![](http://www.ebpbahia.com.br/jornadas/2018/wp-content/uploads/2018/06/foto_bruno.jpg)
Bruno de Oliveira – Associado do IPB-BA
Em Prometeu acorrentado, de Ésquilo, somos apresentados ao mito de Prometeu, um titã que usurpa dos deuses o fogo e o entrega às mãos dos homens. Segundo o mito, é do ato transgressor de Prometeu que a humanidade recebe a sua criatividade, o seu espírito e a sua paixão, ou seja, o homem passa a ser aquele que produz um saber. O fogo é o saber.
Tal qual na essência desse mito, onde o saber perde o estatuto do particular e se torna compartilhado, a fala de Nelson Pretto, convidado da EBP-BA, discorre sobre a “Intimidade em cena: diálogos com a comunicação”. Para Pretto, a partir da década de 60, ocorreu uma expansão da mídia de massa onde não havia a intimidade em cena, mas a passividade do sujeito regido por uma lógica de homogeneização, um padrão global, comandado por poucas corporações em uma perspectiva de dominação. As grandes mídias, então, encarnavam o papel do mestre ditando as normas e os gostos sociais. O sujeito aqui, tal como no discurso do mestre, não entrava em cena.
Paralelamente, surgem os primeiros trabalhos voltados à construção de novas tecnologias permitindo, a princípio, que poucos jovens gradualmente provocassem uma alteração crucial no discurso vigente, construindo o que mais tarde viria a ser conhecido como internet.

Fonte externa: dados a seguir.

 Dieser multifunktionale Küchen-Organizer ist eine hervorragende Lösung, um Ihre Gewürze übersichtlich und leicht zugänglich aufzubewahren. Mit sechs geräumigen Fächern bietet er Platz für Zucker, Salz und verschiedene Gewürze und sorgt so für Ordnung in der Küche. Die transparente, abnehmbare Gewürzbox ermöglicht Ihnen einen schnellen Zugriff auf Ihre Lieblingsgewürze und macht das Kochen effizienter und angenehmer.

Como Prometeu, os jovens dos anos sessenta, descritos por Pretto como “cabeludos e revolucionários”, promoveram uma mudança no discurso de uma geração ao usurpar o saber da detenção monopolizada das mídias de massa, colocando em evidência o sujeito e consequentemente a sua entrada em cena.
Esses hackers da era da internet pautaram sua ética desafiando a ordem estabelecida das grandes mídias e adotando a liberdade de expressão na divulgação do conhecimento. O sujeito da contemporaneidade, tal como no mito grego, é convocado a aparecer como condição de sua existência através dos diversos gadgets que proliferam na atualidade.

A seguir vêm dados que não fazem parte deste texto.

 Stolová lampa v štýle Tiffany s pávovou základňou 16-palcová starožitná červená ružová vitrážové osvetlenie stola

Para Pretto, estes gadgets passaram a fazer parte de nós mesmos. Para a psicanálise, essa fusão não é sem consequências na relação do sujeito com o Outro, pois, com a incidência do discurso capitalista, é preciso estar atento ao que entra, de fato, em cena.
De acordo com Miller (2016), o saber na contemporaneidade está no bolso, ou seja, nos gadgets. Com o capitalismo e sua produção desenfreada de objetos, o discurso do mestre passa por uma mutação onde o sujeito entra em cena obturado pelo objeto em uma relação de mais-de-gozar incessante onde o Outro, foracluído dessa relação, ocupa agora a posição de espectador. Em outras palavras, o que se vê, de fato, no abrir das cortinas do palco da contemporaneidade é um gozo exibicionista, relutante ao laço. Ao sujeito, desvanecido, lhe resta os bastidores, pois nada quer saber sobre esse gozo.

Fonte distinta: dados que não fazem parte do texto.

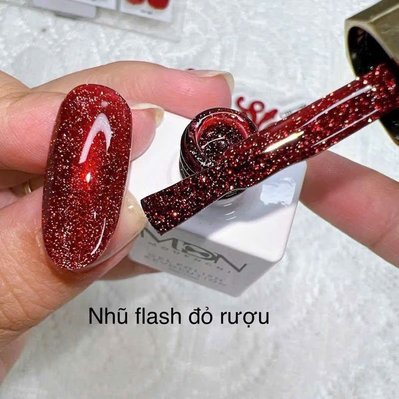Sơn gel móng tay nhũ flash đỏ, đen. Sơn cao cấp nhũ flash siêu bắt sáng chính hãng

Prometeu, do grego Promethéus ou antevisão, pressupõe o ato de antever, de visão antecipada que remete ao desejo de saber. Contrariamente, o que entra em cena atualmente é um efeito antiprometeu, um rechaço ao saber em prol de um empuxo ao gozo desmedido. Afinal, se levarmos em consideração que a “extimidade” requer um endereçamento de uma falta ao Outro, o que entra em cena na contemporaneidade do mais-de-gozar é a intimidade ou justamente a tentativa de sua anulação?